Pythonパンダ：DataFrameグループの最後の値をそのグループのすべてのエントリに割り当てます

Question

Python Pandasには、DataFrameがあります。このDataFrameを列ごとにグループ化し、列の最後の値を別の列のすべての行に割り当てたいと考えています。

このコマンドでグループの最後の行を選択できることを知っています。

import pandas as pd df = pd.DataFrame({'a': (1,1,2,3,3), 'b':(20,21,30,40,41)}) print(df) print("-") result = df.groupby('a').nth(-1) print(result)

結果：

 a b 0 1 20 1 1 21 2 2 30 3 3 40 4 3 41 - b a 1 21 2 30 3 41

この操作の結果を元のデータフレームに割り当てて、次のようなものにする方法を教えてください。

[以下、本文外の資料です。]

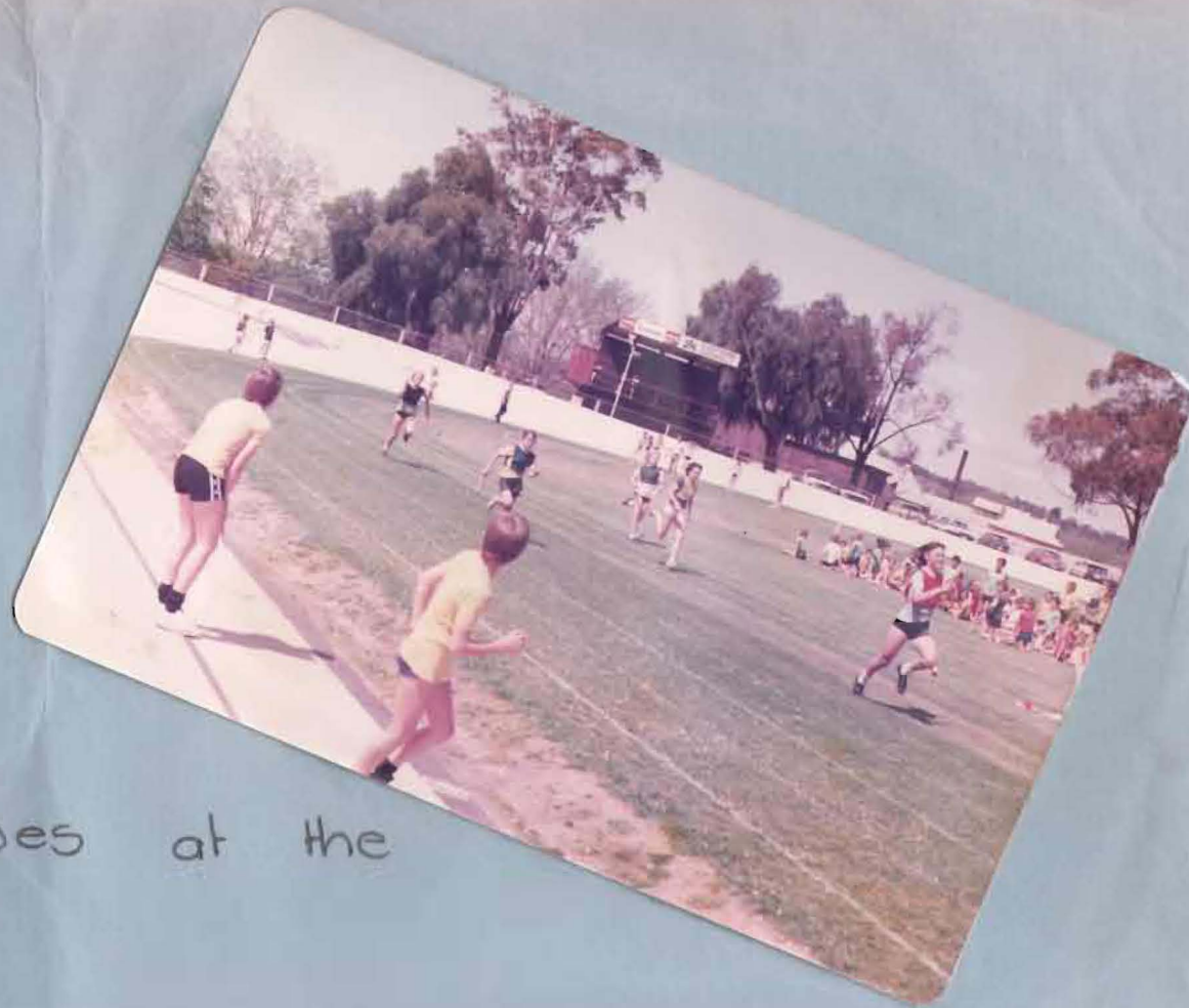
Our athletic heroes at the sports.

 a b b_new 0 1 20 21 1 1 21 21 2 2 30 30 3 3 40 41 4 3 41 41

jezrael · Accepted Answer

transform と last を使用します。

df['b_new'] = df.groupby('a')['b'].transform('last')

代替：

df['b_new'] = df.groupby('a')['b'].transform(lambda x: x.iat[-1]) print(df) a b b_new 0 1 20 21 1 1 21 21 2 2 30 30 3 3 40 41 4 3 41 41

nth および join のソリューション：

df = df.join(df.groupby('a')['b'].nth(-1).rename('b_new'), 'a') print(df) a b b_new 0 1 20 21 1 1 21 21 2 2 30 30 3 3 40 41 4 3 41 41

タイミング：

N = 10000 df = pd.DataFrame({'a':np.random.randint(1000,size=N), 'b':np.random.randint(10000,size=N)}) #print (df) def f(df): return df.join(df.groupby('a')['b'].nth(-1).rename('b_new'), 'a') #cᴏʟᴅsᴘᴇᴇᴅ1 In [211]: %timeit df['b_new'] = df.a.map(df.groupby('a').b.nth(-1)) 100 loops, best of 3: 3.57 ms per loop #cᴏʟᴅsᴘᴇᴇᴅ2 In [212]: %timeit df['b_new'] = df.a.replace(df.groupby('a').b.nth(-1)) 10 loops, best of 3: 71.3 ms per loop #jezrael1 In [213]: %timeit df['b_new'] = df.groupby('a')['b'].transform('last') 1000 loops, best of 3: 1.82 ms per loop #jezrael2 In [214]: %timeit df['b_new'] = df.groupby('a')['b'].transform(lambda x: x.iat[-1]) 10 loops, best of 3: 178 ms per loop #jezrael3 In [219]: %timeit f(df) 100 loops, best of 3: 3.63 ms per loop

警告

グループの数を考えると、結果はパフォーマンスに対応していません。これは、これらのソリューションの一部のタイミングに大きく影響します。

cs95 · Answer

groupby + nth + mapまたはreplaceの2つの可能性

_df['b_new'] = df.a.map(df.groupby('a').b.nth(-1)) _

または、

_df['b_new'] = df.a.replace(df.groupby('a').b.nth(-1)) _

nth(-1)をlast()に置き換えることもできます（実際、そうすることでこれが少し速くなります）が、nthを使用すると、選択するアイテムをより柔軟に選択できます。 bの各グループから。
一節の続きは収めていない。